> THE TASK
Without the pictures, print the lines from the one holding "ഔദ്യോഗിക സംവിധാനങ്ങള് ദുരിതബാധിതരെ" through the last line below, both included, exactly as they stand.

> DATA SHOWN
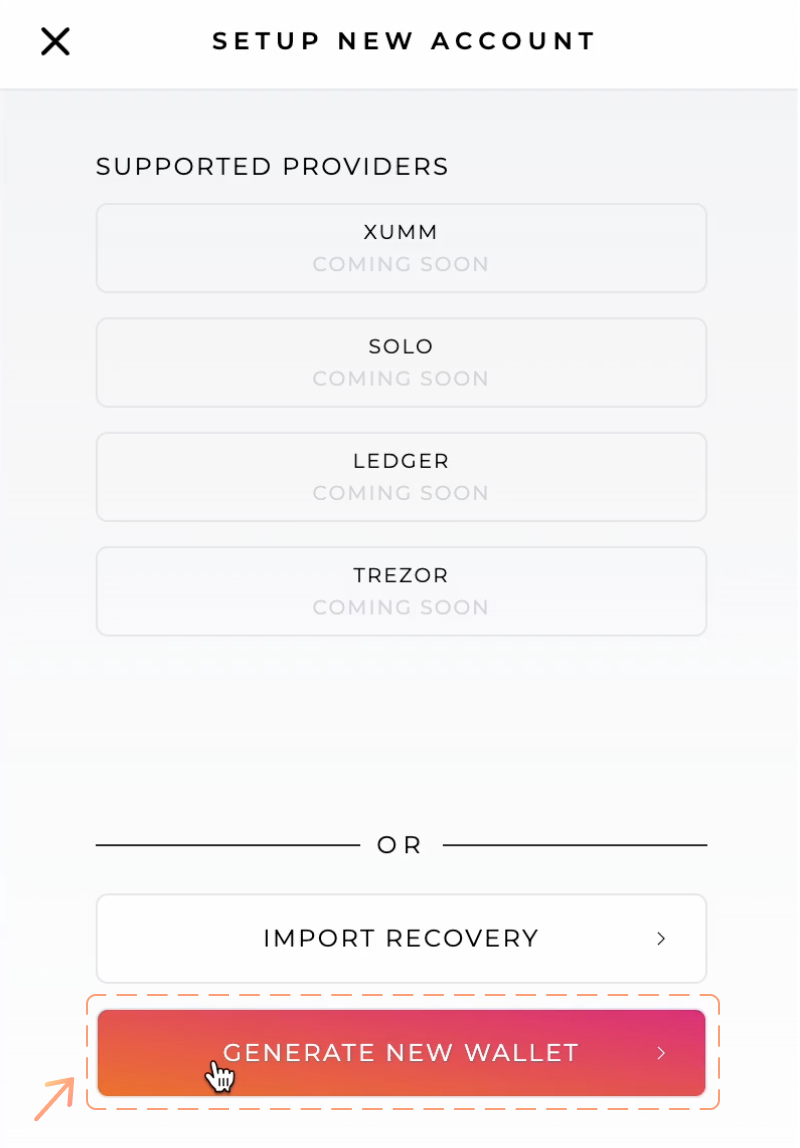 The next page will present a number of options for linking to existing wallets, as well as recovering an existing wallet in Crossmark. To create a new wallet, you’ll want to click the GENERATE NEW WALLET button.
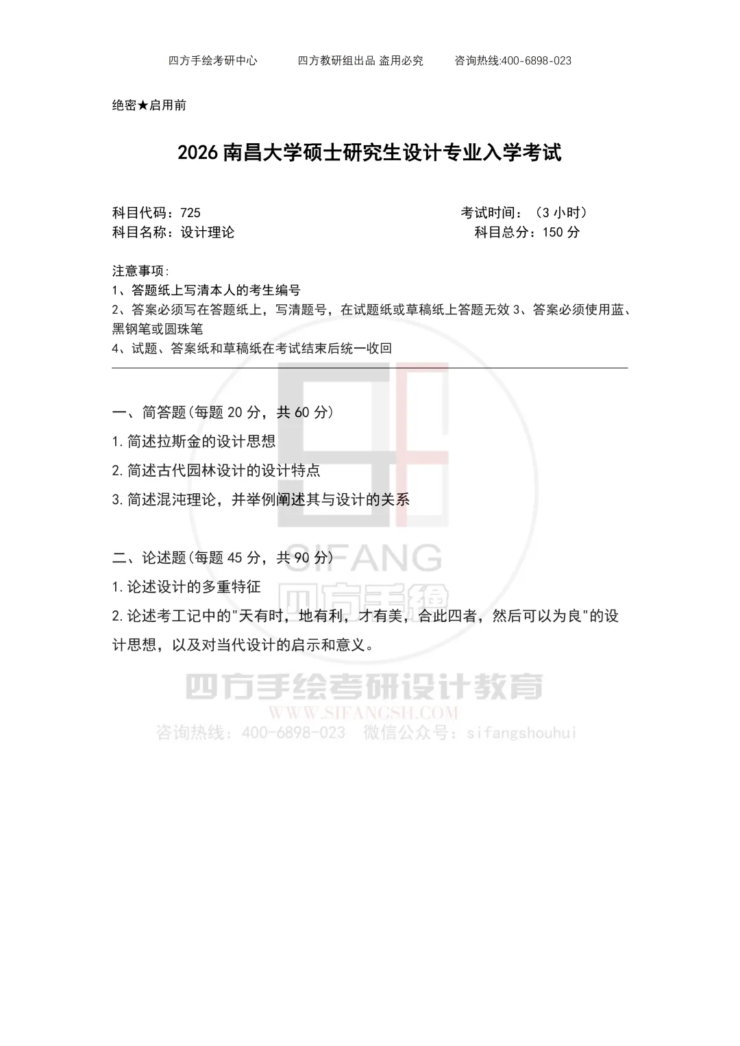 及时整理发布考研真题(真题学校是不公布的)就是为了给备考的同学,提供一些方向上的指导,作为从业十年的设计考研教培人来说,深知其重要性。在信息高速发展的当下,仅自己的一点绵薄之力,也不枉当初自己的那份执着之心。考研真题不存在什么版权一说,各位同学和同仁可以自取所需。
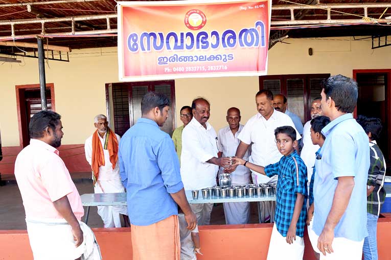 ഔദ്യോഗിക സംവിധാനങ്ങള് ദുരിതബാധിതരെ കൈയ്യൊഴിയുമ്പോഴും ഒരുവിധ അവകാശവാദങ്ങളുമില്ലാതെ സേവനം ധര്മ്മമെന്നനിലയിലാണ് ഇവര് ദുരന്തമുഖത്ത് സേവനമനുഷ്ഠിക്കുന്നത്. മൂന്ന് ആംബുലന്സുകള് മുഴുവന് സമയവും സേവനരംഗത്ത് സജീവമായി. സംഗമേശ്വര വാനപ്രസ്ഥാമശ്രമത്തില് ദുരന്ത ബാധിതര്ക്ക് സാമഗ്രികള് എത്തിക്കുന്നതിനായി സെന്റര് ഒരുക്കി പ്രവര്ത്തനങ്ങള് ഏകോപിപ്പിച്ചു. അമ്മമാരും കുട്ടികളുമുള്പ്പെടെ സെന്ററില് കിറ്റുകള് തയ്യാറാക്കാനും ഭക്ഷണ വിതരണത്തിനും മുന്നില് നിന്നു. സേവന പ്രവര്ത്തനങ്ങള്ക്ക് സേവാഭാരതി പ്രസിഡണ്ട് പി.കെ.ഉണ്ണികൃഷ്ണന്, ജനറല് സെക്രട്ടറി പി.ഹരിദാസ്, ഖണ്ഡ് കാര്യവാഹ് കെ.എസ്. സുനില്, സേവാപ്രമുഖ് പ്രമോദ് വെള്ളാനി, കെ.കെ.കണ്ണന്, കൃഷ്ണകുമാര്, സുധാകരന് സമീര തുടങ്ങിയവര് നേതൃത്വം നല്കി.
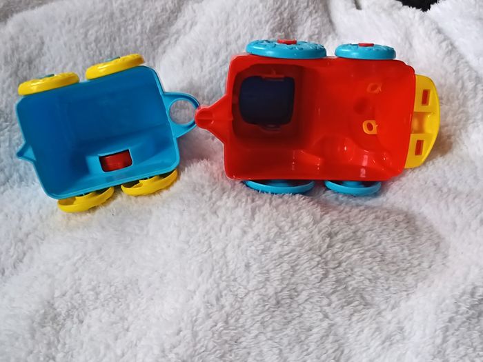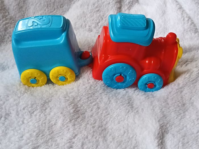 Vends train Disney Baby Clementoni (modèle 2019) comprenant la locomotive rouge et un wagon bleu. ⚠️ À LIRE ATTENTIVEMENT : Dimensions : L'ensemble mesure environ 29 cm. État : Le jouet est incomplet. Il manque les personnages à insérer ainsi que d'autres wagons du set d'origine. Détails : Présence de roues avec motifs Mickey et engrenages manuels. Idéal pour compléter un lot ou pour un enfant qui possède déjà les figurines. Jouet robuste, propre et en bon état cosmétique (voir photos pour les détails). Envoi le mardi et le vendredi. 📦 #skms62141_mickey #disneybaby #clementoni #trainmickey #jouetpremierage #mickeymouse #piecesdetachees #jouetbebe #disney

> ANSWER TO THE PROBLEM
 ഔദ്യോഗിക സംവിധാനങ്ങള് ദുരിതബാധിതരെ കൈയ്യൊഴിയുമ്പോഴും ഒരുവിധ അവകാശവാദങ്ങളുമില്ലാതെ സേവനം ധര്മ്മമെന്നനിലയിലാണ് ഇവര് ദുരന്തമുഖത്ത് സേവനമനുഷ്ഠിക്കുന്നത്. മൂന്ന് ആംബുലന്സുകള് മുഴുവന് സമയവും സേവനരംഗത്ത് സജീവമായി. സംഗമേശ്വര വാനപ്രസ്ഥാമശ്രമത്തില് ദുരന്ത ബാധിതര്ക്ക് സാമഗ്രികള് എത്തിക്കുന്നതിനായി സെന്റര് ഒരുക്കി പ്രവര്ത്തനങ്ങള് ഏകോപിപ്പിച്ചു. അമ്മമാരും കുട്ടികളുമുള്പ്പെടെ സെന്ററില് കിറ്റുകള് തയ്യാറാക്കാനും ഭക്ഷണ വിതരണത്തിനും മുന്നില് നിന്നു. സേവന പ്രവര്ത്തനങ്ങള്ക്ക് സേവാഭാരതി പ്രസിഡണ്ട് പി.കെ.ഉണ്ണികൃഷ്ണന്, ജനറല് സെക്രട്ടറി പി.ഹരിദാസ്, ഖണ്ഡ് കാര്യവാഹ് കെ.എസ്. സുനില്, സേവാപ്രമുഖ് പ്രമോദ് വെള്ളാനി, കെ.കെ.കണ്ണന്, കൃഷ്ണകുമാര്, സുധാകരന് സമീര തുടങ്ങിയവര് നേതൃത്വം നല്കി.
 Vends train Disney Baby Clementoni (modèle 2019) comprenant la locomotive rouge et un wagon bleu. ⚠️ À LIRE ATTENTIVEMENT : Dimensions : L'ensemble mesure environ 29 cm. État : Le jouet est incomplet. Il manque les personnages à insérer ainsi que d'autres wagons du set d'origine. Détails : Présence de roues avec motifs Mickey et engrenages manuels. Idéal pour compléter un lot ou pour un enfant qui possède déjà les figurines. Jouet robuste, propre et en bon état cosmétique (voir photos pour les détails). Envoi le mardi et le vendredi. 📦 #skms62141_mickey #disneybaby #clementoni #trainmickey #jouetpremierage #mickeymouse #piecesdetachees #jouetbebe #disney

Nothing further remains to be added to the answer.